Histerectomia: insere-se no útero, pelo colo uterino, um cateter fino com cerca de 8 mm de diâmetro. O tubo contém fibras ópticas que transmitem luz para poder visualizar a cavidade e pode incluir um instrumento de biopsia ou de electrocauterização (coagulação pelo calor). Em geral detecta-se a causa da hemorragia anormal ou outras anomalias e colhem-se amostras para fazer uma biopsia, a sutura ou a extirpação. Este procedimento é levado a cabo na consulta ou num hospital, juntamente com a dilatação e a raspagem.

Dilatação e raspagem (D e R): o colo uterino dilata-se (distende-se até abri-lo) com varetas de metal para inserir um instrumento com forma de colher (cureta) e desse modo raspa-se o revestimento do útero. Este procedimento é utilizado para diagnosticar anomalias no endométrio sugeridas pelos resultados de uma biopsia ou pelo tratamento de um aborto espontâneo incompleto. Para os abortos incompletos, a cureta que se utiliza é um tubo de plástico no qual se produz sucção na extremidade externa. D e R costumam fazer-se num hospital com anestesia geral.

Histerosalpingografia: faz-se uma radiografia depois da injecção de um contraste através do colo uterino para delimitar a cavidade uterina e as trompas de Falópio, em geral como parte de um exame para descobrir causas de esterilidade. O estudo é feito no consultório médico e pode provocar mal-estar, como cãibras. Por isso, é administrado um sedativo.

Ecografia: são aplicados ultra-sons (ondas sonoras a uma frequência demasiado alta para serem ouvidas) através da parede abdominal ou da vagina. O perfil do seu reflexo fora das estruturas internas é observado num monitor para confirmar a condição e o tamanho de um feto e para contribuir para o diagnóstico de anomalias fetais, gravidez múltipla, gravidez tubária, tumores, quistos ou outras anomalias nos órgãos pélvicos. A utilização de ultra-sons não provoca dor. Também é utilizada na amniocentese e noutros processos de colheita de amostras.
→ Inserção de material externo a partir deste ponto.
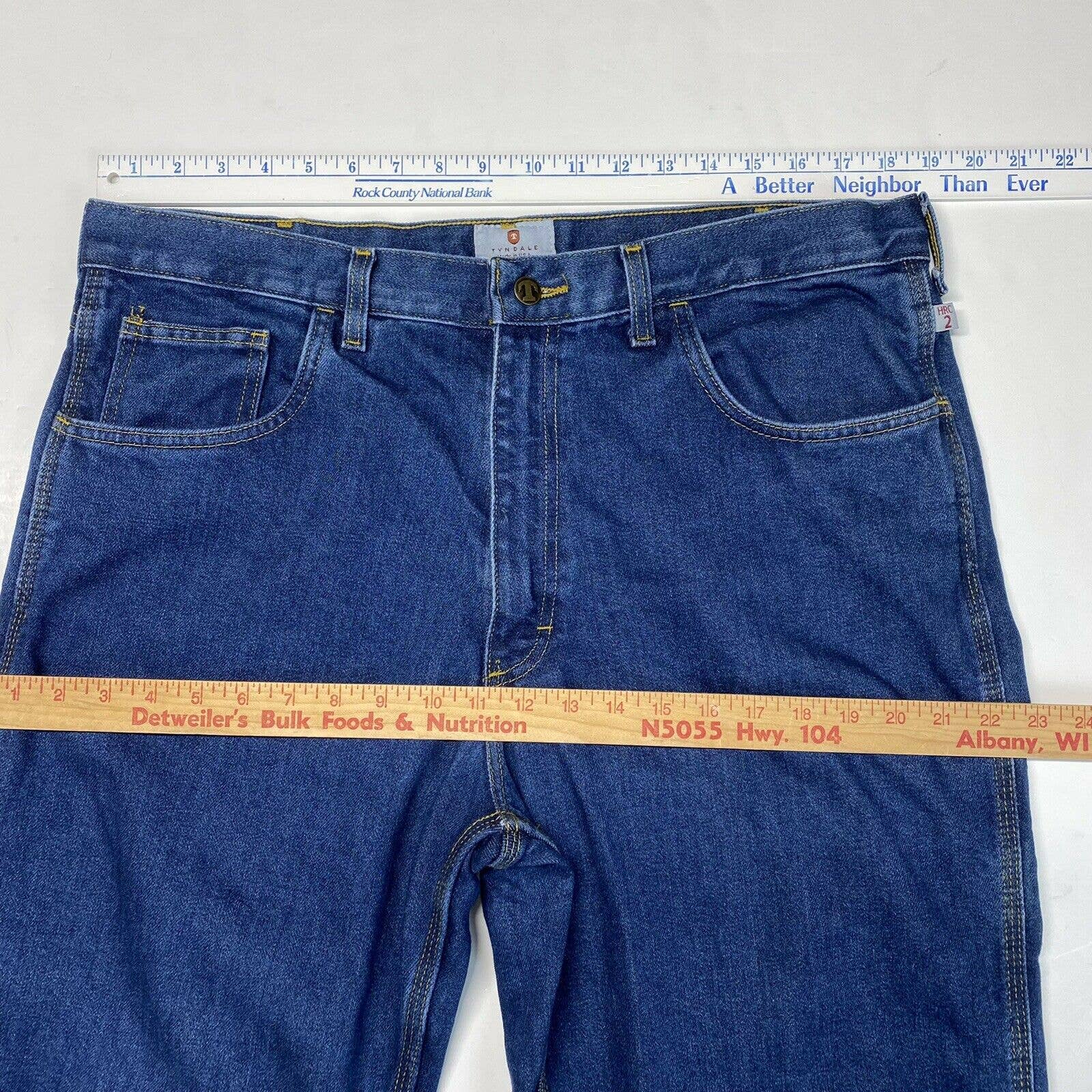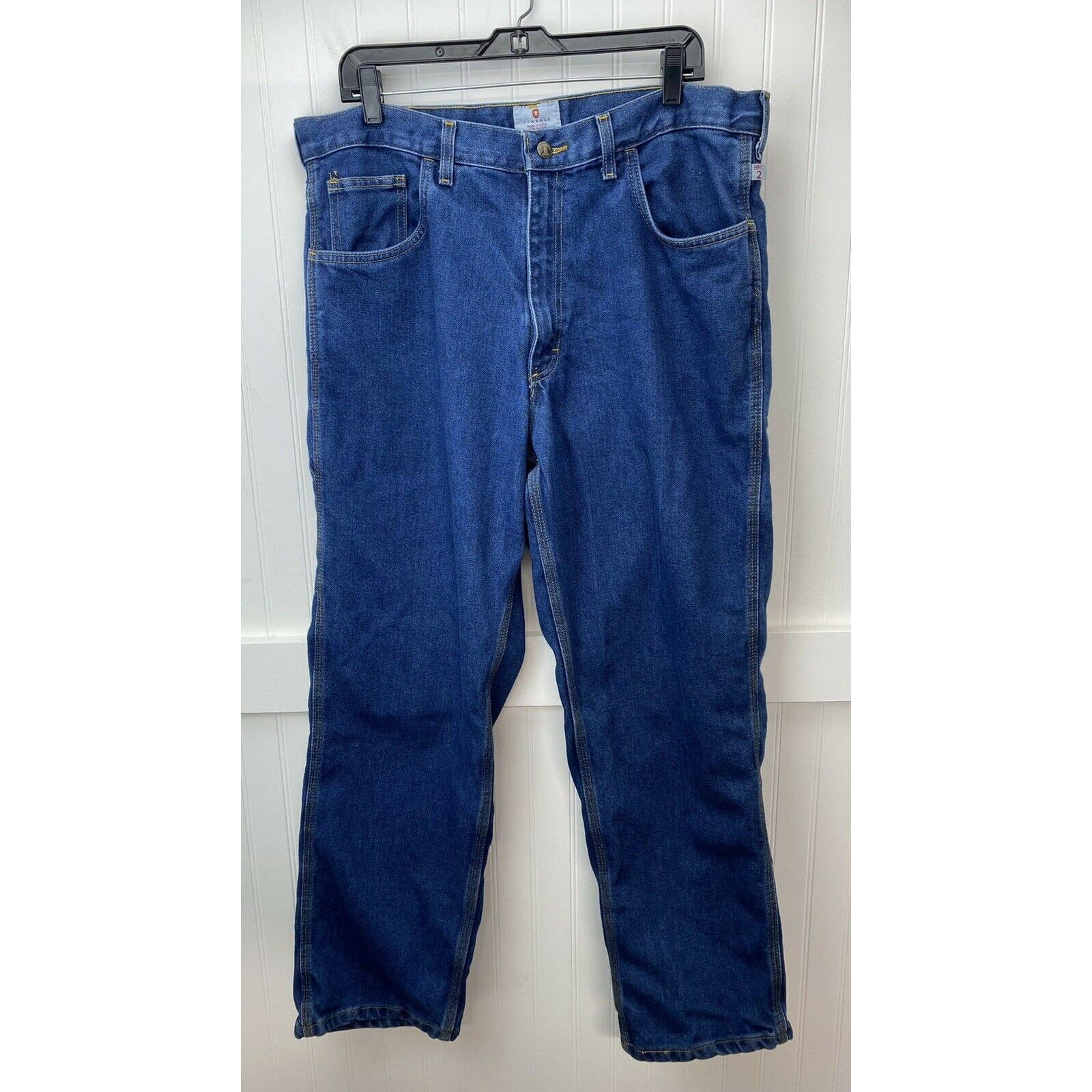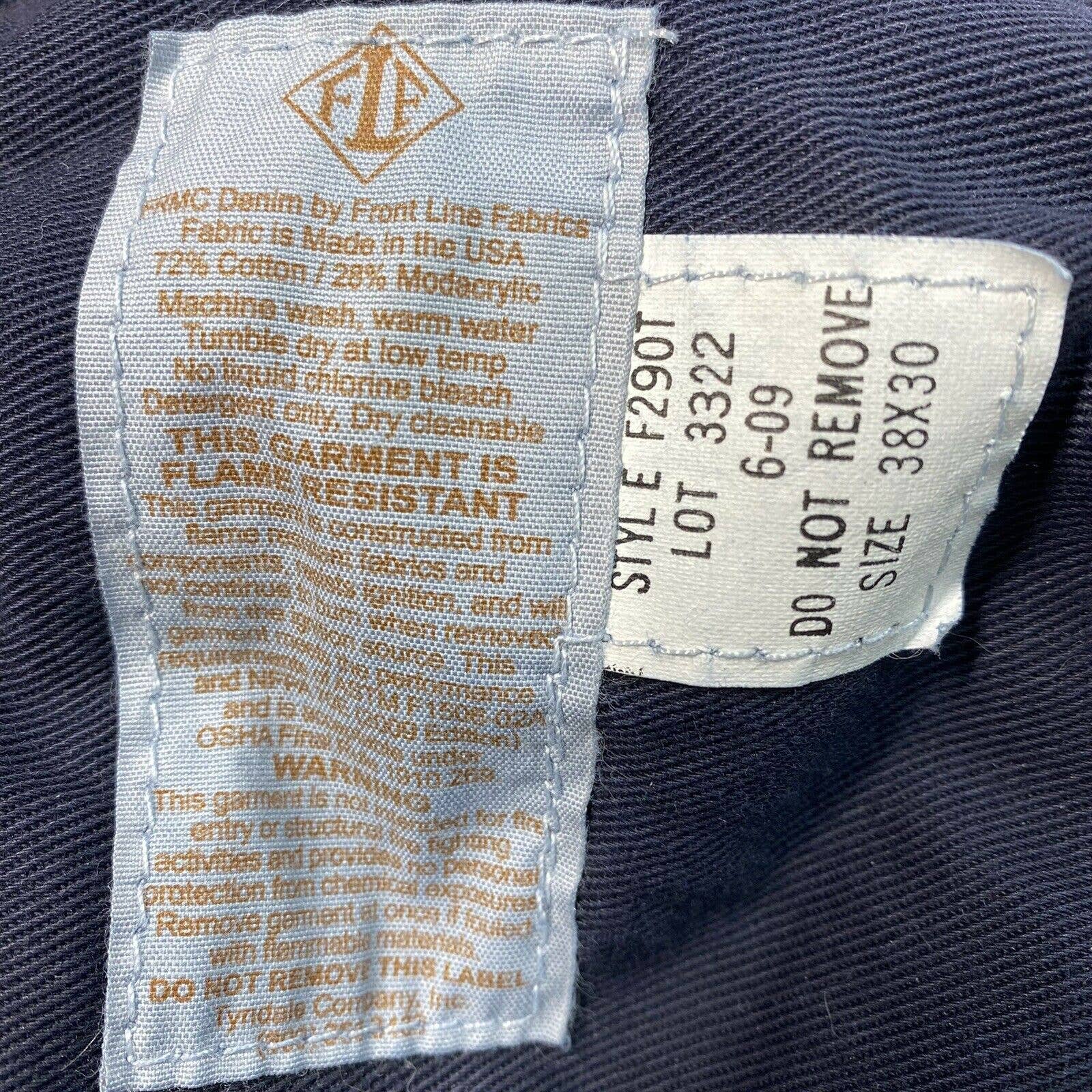 Tyndale Broken-In Relaxed Flame/Fire Resistant Utility Denim Blue Jeans Dark Wash Mens (Tag Size 38x30) NFPA 2112 ARC Rating 15.3/CAT2 Style#F290T

Laparoscopia: insere-se um cateter de visualização fino, que contém fibras ópticas, na cavidade abdominal através de uma incisão feita na parte inferior do umbigo. É utilizado dióxido de carbono para insuflar o abdómen, para visualizar com clareza os órgãos do mesmo e da pélvis. Em geral, a laparoscopia é utilizada para determinar a causa da dor pélvica, da esterilidade e doutros problemas ginecológicos. O laparoscópio pode ser utilizado com outros instrumentos para efectuar biopsias, procedimentos de esterilização e diferentes intervenções cirúrgicas; também pode ajudar a obter óvulos para a fecundação in vitro. Esta operação faz-se num hospital e requer anestesia; em procedimentos limitados, é administrado um anestésico local, mas a anestesia geral é usada com muito mais frequência.

Culdocentese: insere-se uma agulha pela parede da vagina, mesmo por trás do colo uterino, até chegar à cavidade pélvica, em geral para detectar hemorragias quando se suspeita que existe uma gravidez ectópica (uma gravidez fora do útero). A culdocentese costuma fazer-se no serviço de urgência sem utilizar anestesia.